/ Data structures - Queue
Created
Sun, 03 May 2026 00:00:00 +0000
Modified
Sun, 03 May 2026 09:38:19 -0400
Jupyter Notebook
python
Data structures - Queue¶
A queue is a linear data structure that follows the First-In, First-Out (FIFO) principle: the first element added is the first one removed — just like a checkout line at a store.
This notebook covers:
- What is a Queue?
- The
Queueclass - Core operations:
enqueue,dequeue,peek,is_empty,size - Example: task scheduling simulation
1. What is a Queue?¶
| Operation | Description | Time complexity |
|---|---|---|
enqueue(item) |
Add an item to the back | O(1) |
dequeue() |
Remove and return the front item | O(1) |
peek() |
Return the front item without removing it | O(1) |
is_empty() |
Return True if the queue has no items |
O(1) |
size() |
Return the number of items | O(1) |
Python's built-in collections.deque gives O(1) appends and pops from both ends, making it the ideal backing structure for a queue.
2. The Queue class¶
In [1]:
from collections import deque
class Queue:
"""FIFO queue backed by collections.deque."""
def __init__(self):
self._data = deque()
def enqueue(self, item):
"""Add *item* to the back of the queue."""
self._data.append(item)
def dequeue(self):
"""Remove and return the front item. Raises IndexError if empty."""
if self.is_empty():
raise IndexError("dequeue from an empty queue")
return self._data.popleft()
def peek(self):
"""Return the front item without removing it. Raises IndexError if empty."""
if self.is_empty():
raise IndexError("peek at an empty queue")
return self._data[0]
def is_empty(self):
"""Return True if the queue contains no items."""
return len(self._data) == 0
def size(self):
"""Return the number of items in the queue."""
return len(self._data)
def __repr__(self):
items = list(self._data)
return f"Queue(front={items[0]!r}, size={len(items)})" if items else "Queue(empty)"
def __str__(self):
return " <- ".join(str(i) for i in self._data) or "(empty)"
3. Core operations¶
In [2]:
q = Queue()
print("Empty? ", q.is_empty())
print("Size: ", q.size())
print("Queue: ", q)
Empty?
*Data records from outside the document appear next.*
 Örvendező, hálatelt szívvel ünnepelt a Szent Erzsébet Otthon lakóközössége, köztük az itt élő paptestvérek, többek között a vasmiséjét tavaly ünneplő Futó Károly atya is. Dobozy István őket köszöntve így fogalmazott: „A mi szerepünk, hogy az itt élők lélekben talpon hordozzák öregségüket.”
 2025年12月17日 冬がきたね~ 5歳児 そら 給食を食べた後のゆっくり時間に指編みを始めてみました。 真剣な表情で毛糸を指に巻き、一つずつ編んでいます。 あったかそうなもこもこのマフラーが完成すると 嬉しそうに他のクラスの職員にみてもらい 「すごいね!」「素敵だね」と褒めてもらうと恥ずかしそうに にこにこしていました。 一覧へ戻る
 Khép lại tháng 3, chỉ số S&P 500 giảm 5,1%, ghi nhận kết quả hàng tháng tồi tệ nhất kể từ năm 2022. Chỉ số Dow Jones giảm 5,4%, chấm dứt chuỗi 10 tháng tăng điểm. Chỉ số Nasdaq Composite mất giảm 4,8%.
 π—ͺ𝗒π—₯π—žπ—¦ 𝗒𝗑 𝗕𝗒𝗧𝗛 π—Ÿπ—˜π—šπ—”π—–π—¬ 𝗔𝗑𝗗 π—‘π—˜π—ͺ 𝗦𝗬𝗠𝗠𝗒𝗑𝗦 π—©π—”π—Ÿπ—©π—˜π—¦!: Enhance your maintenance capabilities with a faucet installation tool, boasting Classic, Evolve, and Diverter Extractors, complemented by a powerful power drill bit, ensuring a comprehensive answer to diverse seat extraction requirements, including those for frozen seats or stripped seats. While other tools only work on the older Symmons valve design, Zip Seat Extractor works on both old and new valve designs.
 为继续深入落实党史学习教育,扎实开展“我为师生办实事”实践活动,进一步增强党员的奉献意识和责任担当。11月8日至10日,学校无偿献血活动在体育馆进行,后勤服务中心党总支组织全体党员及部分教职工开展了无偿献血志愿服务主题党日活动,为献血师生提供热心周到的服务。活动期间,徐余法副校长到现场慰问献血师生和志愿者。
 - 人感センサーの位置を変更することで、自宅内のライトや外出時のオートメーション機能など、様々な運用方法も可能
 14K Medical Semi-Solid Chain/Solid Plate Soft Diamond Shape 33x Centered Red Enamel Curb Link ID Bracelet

True Size: 0 Queue: (empty)
In [3]:
# enqueue three items
for value in ["alpha", "beta", "gamma"]:
q.enqueue(value)
print(f"enqueue({value!r}) → {q}")
enqueue('alpha') → alpha
enqueue('beta') → alpha <- beta
enqueue('gamma') → alpha <- beta <- gamma
In [4]:
print("peek(): ", q.peek()) # front item, queue unchanged
print("size(): ", q.size())
print("Queue: ", q)
peek(): alpha size(): 3 Queue: alpha <- beta <- gamma
In [5]:
# dequeue all items
while not q.is_empty():
item = q.dequeue()
print(f"dequeue() → {item!r} remaining: {q}")
dequeue() → 'alpha' remaining: beta <- gamma dequeue() → 'beta' remaining: gamma dequeue() → 'gamma' remaining: (empty)
In [6]:
# dequeue from empty queue raises IndexError
try:
q.dequeue()
except IndexError as e:
print("Caught:", e)
Caught: dequeue from an empty queue
4. Example: task scheduling simulation¶
The snippet below simulates a simple round-robin task processor: tasks are submitted to a queue and a worker picks them off one by one.
In [7]:
import time
import random
random.seed(42)
def process_task(task):
"""Simulate work by sleeping a short random interval."""
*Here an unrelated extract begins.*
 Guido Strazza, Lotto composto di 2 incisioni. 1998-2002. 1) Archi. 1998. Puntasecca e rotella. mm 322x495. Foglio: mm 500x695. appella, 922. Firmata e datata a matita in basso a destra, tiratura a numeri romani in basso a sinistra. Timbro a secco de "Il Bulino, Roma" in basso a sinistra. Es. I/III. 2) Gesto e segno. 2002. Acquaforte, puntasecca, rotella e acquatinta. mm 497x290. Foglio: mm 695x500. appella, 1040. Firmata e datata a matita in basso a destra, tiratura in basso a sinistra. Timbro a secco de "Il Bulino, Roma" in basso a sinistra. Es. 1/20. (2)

duration = random.uniform(0.05, 0.15)
time.sleep(duration)
return duration
# Submit tasks
scheduler = Queue()
task_names = [f"Task-{i}" for i in range(1, 7)]
print("Submitting tasks...")
for name in task_names:
scheduler.enqueue(name)
print(f" queued {name}")
print(f"\nQueue size before processing: {scheduler.size()}")
print("\nProcessing tasks (FIFO order):")
total_time = 0.0
while not scheduler.is_empty():
task = scheduler.dequeue()
elapsed = process_task(task)
total_time += elapsed
print(f" finished {task:<10} ({elapsed:.3f}s) remaining in queue: {scheduler.size()}")
print(f"\nAll tasks complete. Total simulated time: {total_time:.3f}s")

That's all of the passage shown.